While importing drugs from abroad is illegal in most cases, the F.D.A. typically does not go after individuals who purchase medicines online for their personal use. And though a few states — South Carolina, Oklahoma, Idaho and Nevada — explicitly criminalize self-managed abortion, Texas does not outlaw terminating one’s own pregnancy, and S.B. 8 exempts abortion patients in the state from being sued. (People in any state seeking legal advice on these matters can consult the hotline run by the group If/When/How.)
Yet even more important than the access to medication abortion afforded by Aid Access may be what Dr. Gomperts’s move signals to health care providers in America. Indeed, some reproductive rights experts argue that not only can American health care providers follow her lead and prescribe abortion pills in advance — they have a responsibility to do so. Doing so would be just one way of helping patients access care, but it could be significant.

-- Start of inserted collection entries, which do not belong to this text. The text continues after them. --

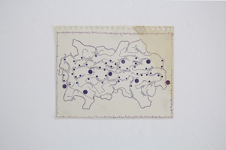 By constructing referential systems that expand possible mobile route,s personified by maps or presences, the works shape a notion between entropy and geometry, where the form is originated by energy and becomes narrative for iconoclastic explorations.
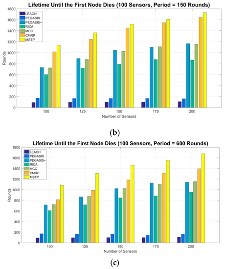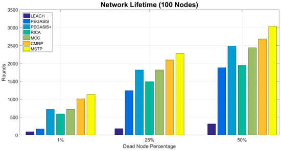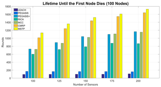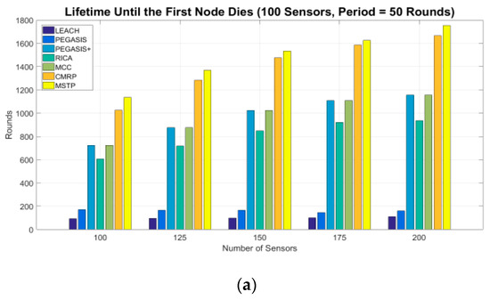 Figure 4 shows the lifetime until the first node die. The numbers of rounds of the LEACH and PEGASIS methods are lower than 200. The LEACH spends too much energy on long-distance data transmission. The original PEGASIS uses a bad chaining methodology that causes it to introduce worse results. The PEGASIS+ is applying the proposed MCC method to chain the sensors. This chain is created by linking the sensors into a circle at first and then breaks the longest edge. The results become better explicitly. The results of the ring-based method RICA [24] is better than original PEGASIS because it has a better chaining mechanism. When the ring-based method RICA applies the proposed MCC mechanism to chain the sensors into a circle, denoted as MCC, the number of operation rounds increases about 20–30%. A well adjacency methodology explicitly reduces the data transmission distance so that sensors can save their energy and the network has a longer operation time. Among all evaluated methods, the MSTP method has the longest lifetime. MSTP selects the shortest adjacent neighbor to propagate data so that every sensor can minimize the energy consumption used on propagating data to its next hop.
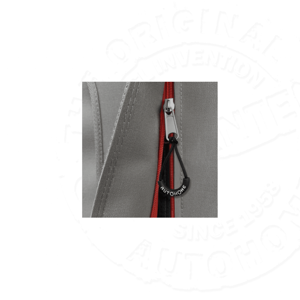 13 - In fase di chiusura, i tiranti elastici in dotazione, manualmente attivabili con comode clips agevolano il ripiegamento del tessuto all'interno del guscio. Elastici ben disposti, non cuciti direttamente sui tessuti, non generano "ruche" o arricciature sul tessuto, non lo danneggiano; così da scongiurare infiltrazioni e imperfezioni estetiche sulla tenda. Questo accorgimento facilita la chiusura della tenda anche sui veicoli molto alti.

“What I’m saying to clinicians is, if you believe people should be able to have an abortion when they want one and that early abortions can be safely self-managed with pills, then understand that it’s in your hands to make that happen,” said Francine Coeytaux, a co-founder of the advocacy group Plan C, which has worked to raise awareness about the safety of self-managed abortion and to educate the public about how to acquire abortion pills online. “I think many of them are now realizing they can do this — that it’s legal and within their scope of practice.”
Some experts caution that state medical boards could view prescribing abortion medication in advance as being out of step with standards of practice. But others argue that it would merely constitute the off-label use of a drug — a use other than what it was approved for — which is common in medicine.
“It seems like it would be very reasonable to provide the medications in advance and strongly encourage the patient to call the clinician before they actually take it,” said Dr. Daniel Grossman, a professor of obstetrics and gynecology at the University of California, San Francisco, whose research has demonstrated broad demand for such a service. “I think it makes sense for people living in places where there’s no access to care or where there’s a narrow window of time to seek it out.”
Dr. Grossman and his colleagues at U.C.S.F. had planned to conduct a study last year aimed at demonstrating the safety and effectiveness of advance provision of abortion pills, but the F.D.A. under the Trump administration declined to approve it.
Still, he and others point to plentiful evidence in support of the strategy pursued over the course of the pandemic. That includes the findings of a study comparing thousands of medication abortions in Britain before and after the government began allowing health care providers to administer medication abortion by telemedicine, with pills mailed to patients’ homes. The study, led by Dr. Abigail Aiken at the University of Texas at Austin, found that the two groups were able to complete their abortions at equally high rates, with similarly low rates of significant complications.
“I think that doctors do have an obligation to make pills available in advance, particularly when they know that people will encounter obstacles when they need a procedure,” Dr. Gomperts said. “Advance provision still means the doctor is the gatekeeper. It’s not over-the-counter, which is the ultimate goal. But it’s a step closer. And it allows pregnant people to take the medicines the moment they have a positive pregnancy test.”